Failure Taxonomy
Invarium’s structured approach to classifying agent failures.
- ✓Invarium classifies failures into 9 categories so you know exactly what went wrong and how to fix it
- ✓Each failure carries a severity level that impacts your Agent Quality Score
- ✓Categories span the full spectrum of agent behavior -- from factual accuracy to safety to multi-agent coordination
Why It Matters
Invarium’s failure taxonomy is a structured classification system that categorizes every way an AI agent can fail — enabling you to move from “the test failed” to “here’s what went wrong, how severe it is, and what to fix.”
When an AI agent produces a wrong answer, “it failed” is not enough information to fix the problem. You need to know:
- What type of failure — Did it hallucinate, use the wrong tool, or get jailbroken?
- How severe — Is it a minor communication issue or a critical safety violation?
- How to fix it — Which part of your agent’s stack needs attention?
Invarium answers all three questions for every test case, enabling you to prioritize fixes by severity, track failure trends across test runs, and identify systemic weaknesses in your agent.
The 9 Failure Categories
Invarium’s taxonomy organizes agent failures into 9 top-level categories. Each test case that fails is classified into one of these categories with a specific severity level.

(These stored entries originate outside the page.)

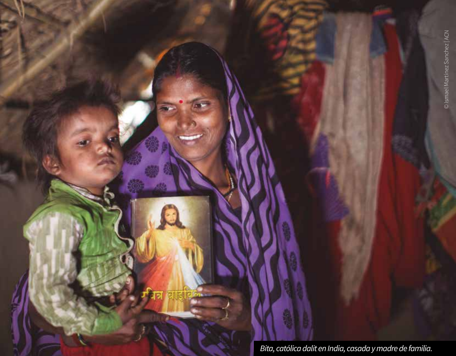
Bitá, católica dalit en India, casada y madre de familia.
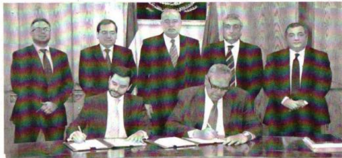
وزير البترول ووزراء الشركات أثناء توقيع الإتفاقية
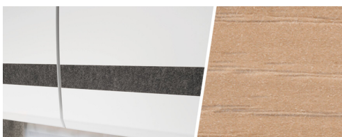
+ Trädekor Noce Nagano
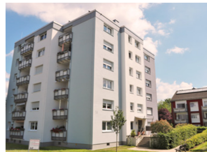
Berliner Ring 56

„Immer auf der Höhe der Technik zu sein – das ist wichtig!“
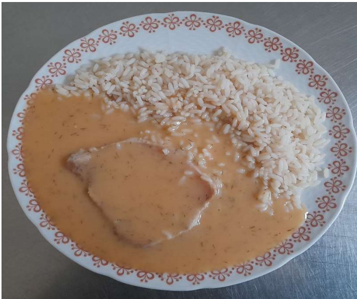
Vepřové žebírko lašské, rýže
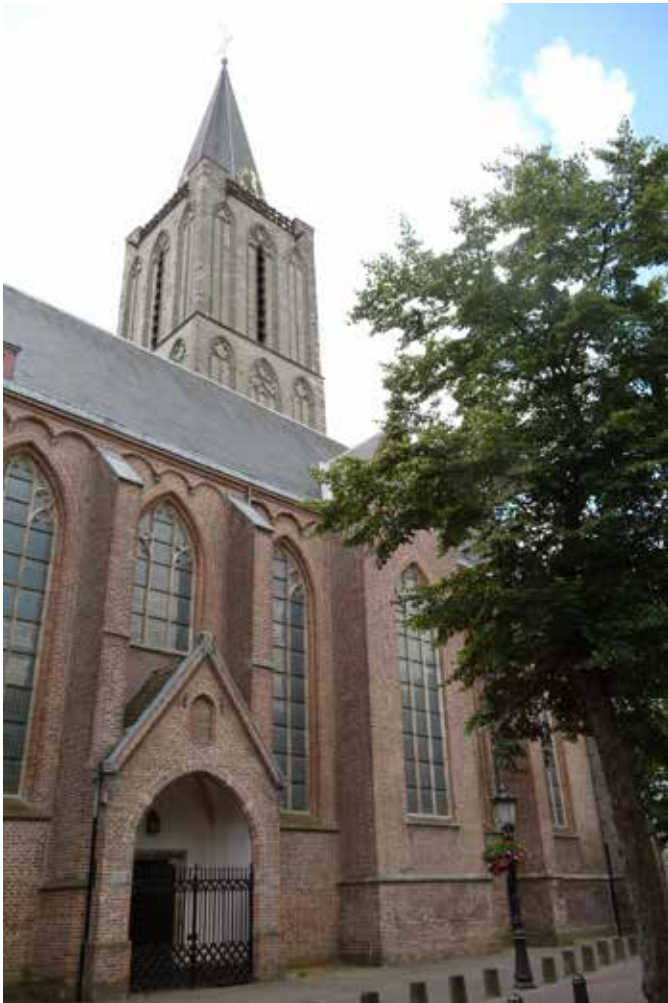
De Utrechtse Jacobikerk.
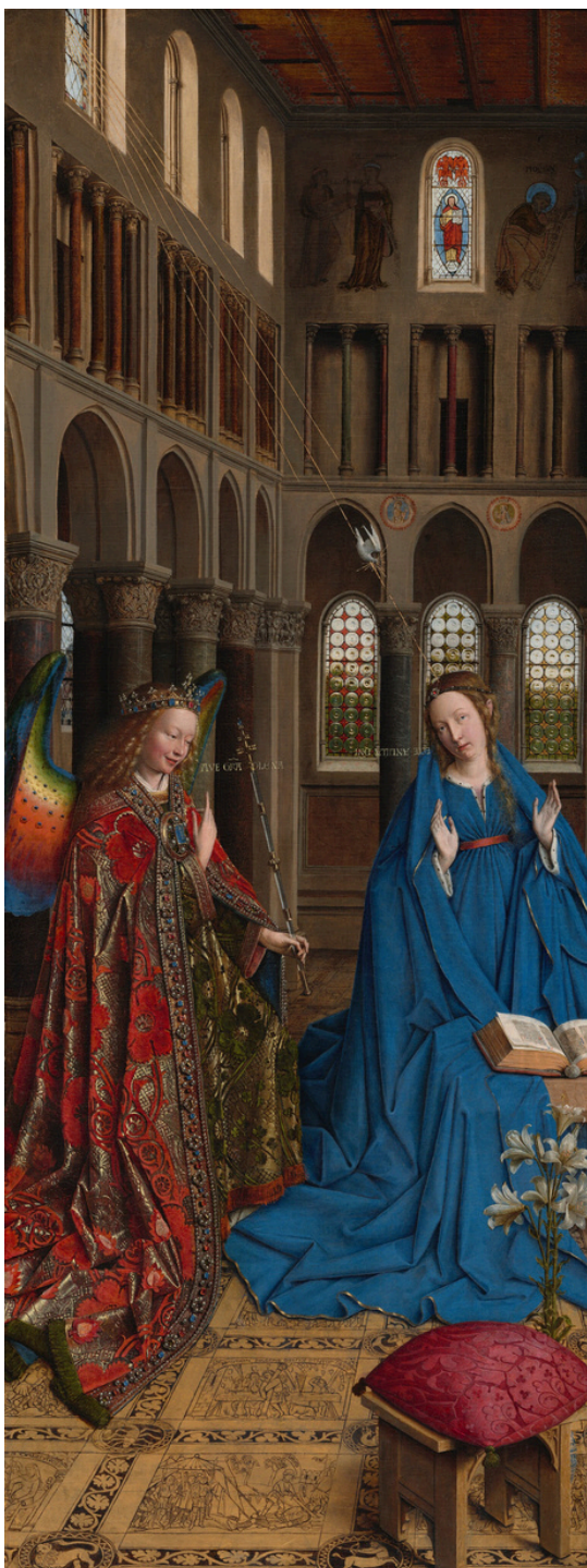
Below: Jan Van Eyck, the Annunciation, National Gallery of Art, Washington, D.C. (used with permission)

this time because of the ability of modern industrial machinery to mechanically reproduce unlimited reproductions of a work of art. Trivialization would be the result, along with boredom. After one has viewed the exact same Van Gogh painting in IKEA displays and college dorm rooms for the thousandth time, it no longer has the same impact. Benjamin, clearly, had a point.
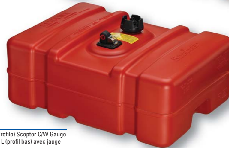
08191 12 Gal/45L (Low Profile) Scepter C/W Gauge Scepter 12 gal/45 L (profil bas) avec jauge
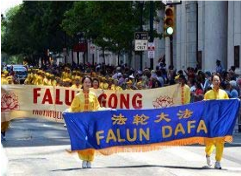
上图：法轮功游行队伍
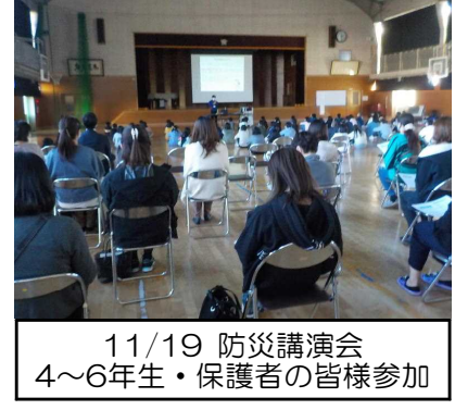
11/19 防災講演会 4～6年生・保護者の皆様参加
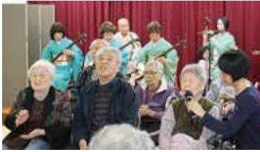
利用者の皆さんや地域の皆さんは「新潟笹団子節」や「北国の春」を歌い楽しみました♪
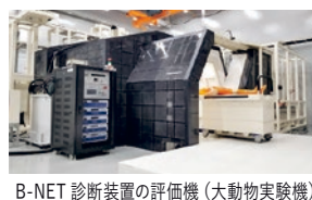
B-NET 診断装置の評価機 (大動物実験機)

当社が開発した「SiC 超小型加速器中性子源」を使用する事で、従来の原子炉や大型の加速器 (サイクロロン) を使った大規模な中性子照射設備ではなく、患者の周囲に複数の超小型加速器中性子源を配置する事が可能となり、多門照射 (複数方向から同時に中性子を照射) を非常にコンパクトに、かつ低コストで実現できます。多門照射を行う事で、体の奥深くにある患部まで中性子が届けられるようになり、体深部の病巣まで診断可能な B-NET 診断装置を提供できるようになります。
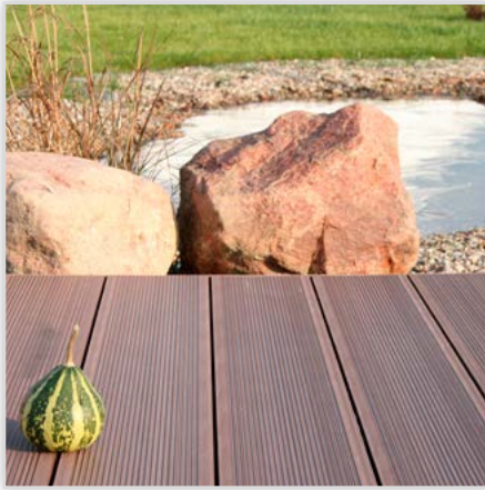
Kompozytowa deska tarasowa Duofuse dwustronnie ryflowana idealne rozwiązanie do budowy obrzeża oczka wodnego. Na zdjęciu: kolor tropikalny brąz. Index produktu DFD162TB-4.0
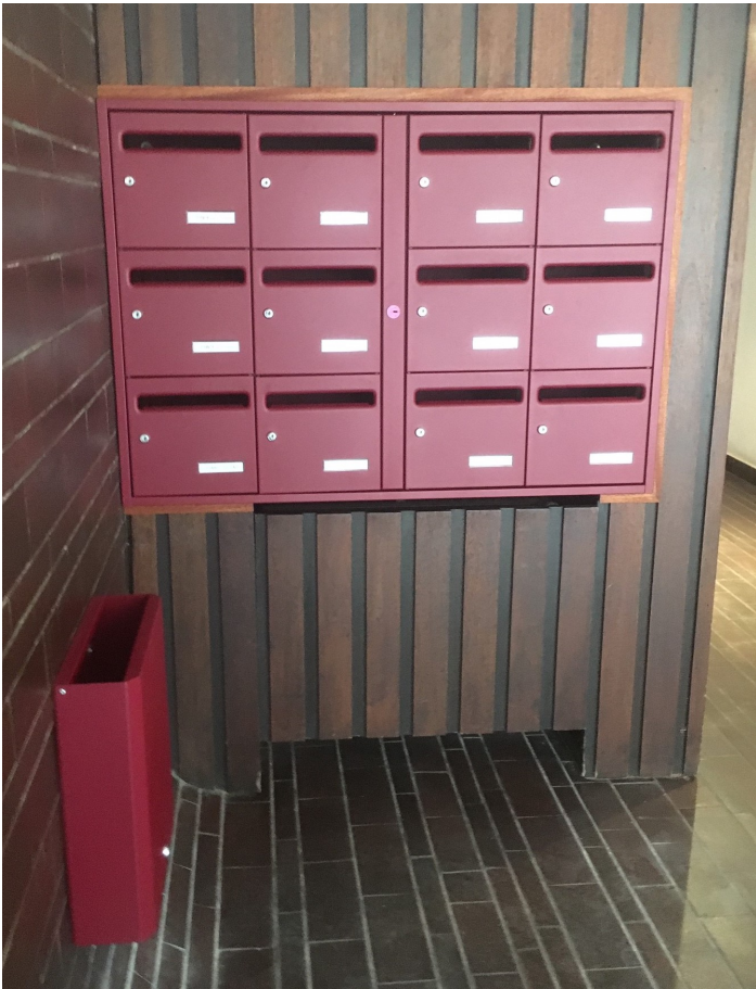
Portillons et coffre : ROUGE POURPRE
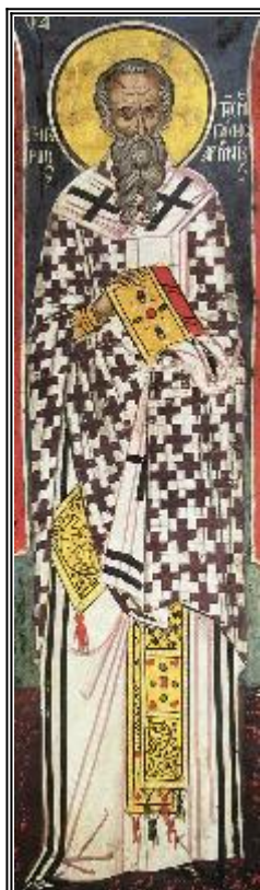
Св. свещеномъченик Григорий. Фреска от Атон, манастир Дионисиат. 1547 г.

Житие и страдание на свети свещеномъченик Григорий, епископ и просветител на Велика Армения, и на тридесет и седем девици заедно с него (ок. 335 г.)
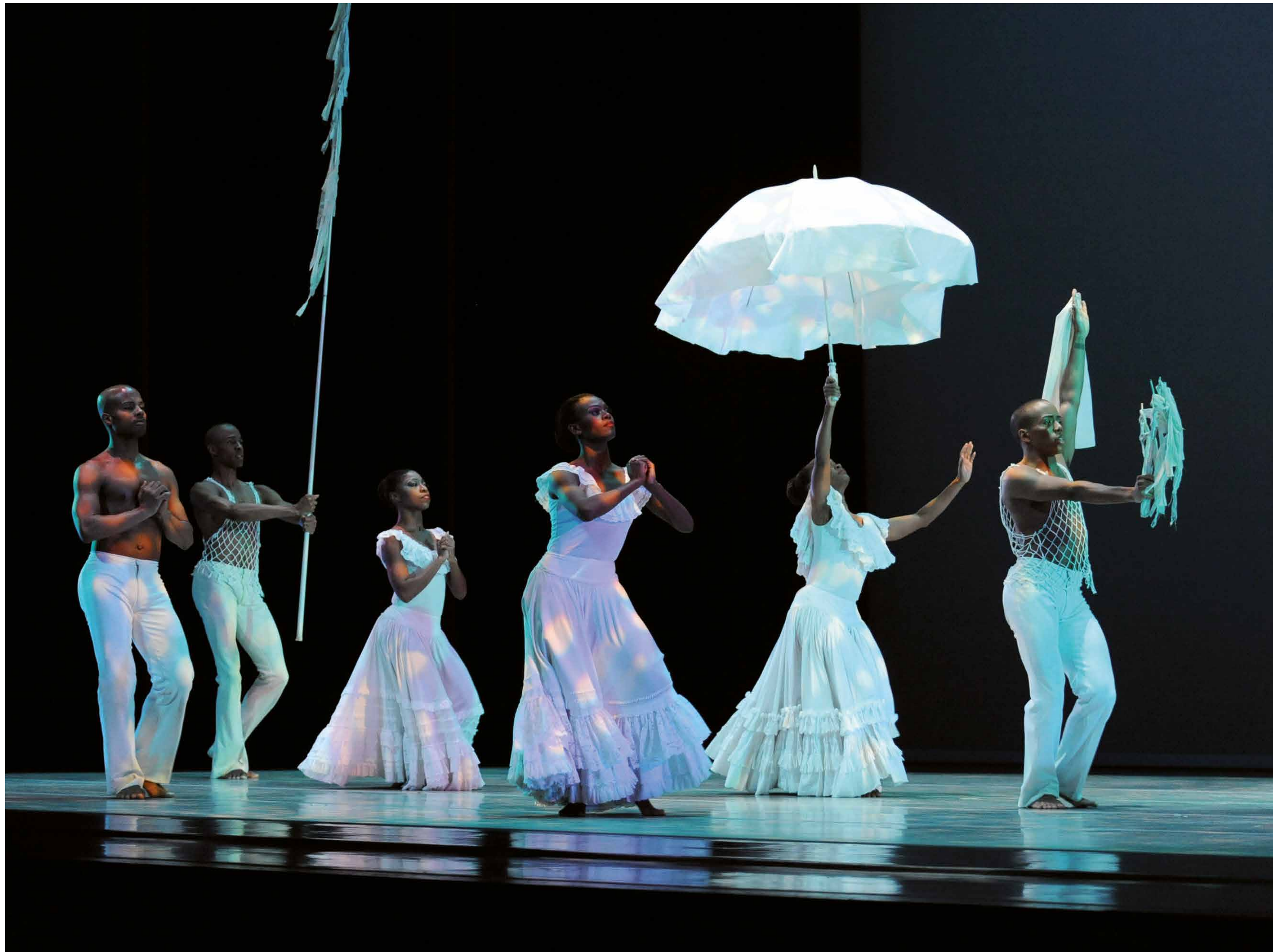
Alvin Ailey's Revelations, 2011

| Category | What It Catches | Example Failures |
|---|---|---|
| Knowledge | Factual accuracy issues | Hallucinated facts, fabricated citations, outdated information, entity confusion |
| Reasoning | Flawed logic and planning | Incorrect inferences, calculation errors, incomplete plans, circular reasoning |
| Context | Conversation tracking issues | Lost context, goal drift, wrong references, state amnesia |
| Instruction | Constraint violations | Misunderstood requests, incomplete execution, format violations, scope creep |
| Tool Usage | Incorrect tool handling | Wrong tool selected, missing calls, bad parameters, ignored results |
| Safety | Security and safety breaches | Prompt injection, PII exposure, jailbreaks, harmful advice, guardrail bypass |
| Communication | Unhelpful responses | Vague answers, robotic tone, excessive caveats, wrong refusals |
| Operational | Infrastructure failures | Timeouts, rate limits, resource exhaustion, non-deterministic behavior |
| Coordination | Multi-agent workflow issues | Lost handoffs, deadlocks, race conditions, redundant work |
Severity Levels
Every failure is assigned a severity level that determines how heavily it impacts your Agent Quality Score (AQS). Higher-severity failures have a disproportionately larger impact on your score.
| Level | Name | Impact |
|---|---|---|
| S1 | Critical | Immediate harm, security risk, or complete task failure. Fixing one Critical failure improves your AQS significantly. |
| S2 | High | Significant incorrect behavior the user may act on. |
| S3 | Medium | Incorrect but limited real-world impact. |
| S4 | Low | Minor issue, task still completable. |
| S5 | Cosmetic | Negligible impact on the user. |
Severity is assigned based on the potential impact, not the specific test scenario. A hallucination about medical dosage is Critical even if the test case is synthetic.
How It Works in Practice
When you generate test scenarios, Invarium targets specific failure patterns from the taxonomy. When you run tests and sync results, each failed test case is classified with:
- Failure category — which of the 9 categories it belongs to
- Severity level — how serious the failure is
- Actionable context — what went wrong and guidance on how to fix it
This classification feeds directly into your AQS score and helps you prioritize fixes. For example, a cluster of Safety failures means your guardrails need hardening, while a cluster of Tool Usage failures suggests your tool descriptions need improvement.
Prioritizing fixes
Focus on the highest-severity failures first. Fixing a single Critical (S1) failure improves your AQS more than fixing several Cosmetic (S5) ones. Use the failure category to identify which part of your agent’s stack needs attention:
| Category | Where to Look |
|---|---|
| Knowledge | Grounding, retrieval, knowledge base freshness |
| Reasoning | Chain-of-thought prompting, calculation tools |
| Context | Memory management, conversation state tracking |
| Instruction | System prompt clarity, intent classification |
| Tool Usage | Tool descriptions, parameter validation |
| Safety | Guardrails, input sanitization, PII redaction |
| Communication | Output quality checks, tone settings |
| Operational | Timeouts, rate limiting, error recovery |
| Coordination | Handoff protocols, deadlock detection |
FAQ
How does Invarium assign failure categories?
Invarium’s scenario generator targets specific failure patterns when creating test cases. When you sync results, the platform classifies each failure into the most specific applicable category.
Can a test case have multiple failure types?
Each test case is assigned a primary failure type. In practice, failures can overlap, but Invarium classifies by the most specific applicable category.
Can I add custom failure categories?
Not currently. The taxonomy covers the full spectrum of known agent failure modes.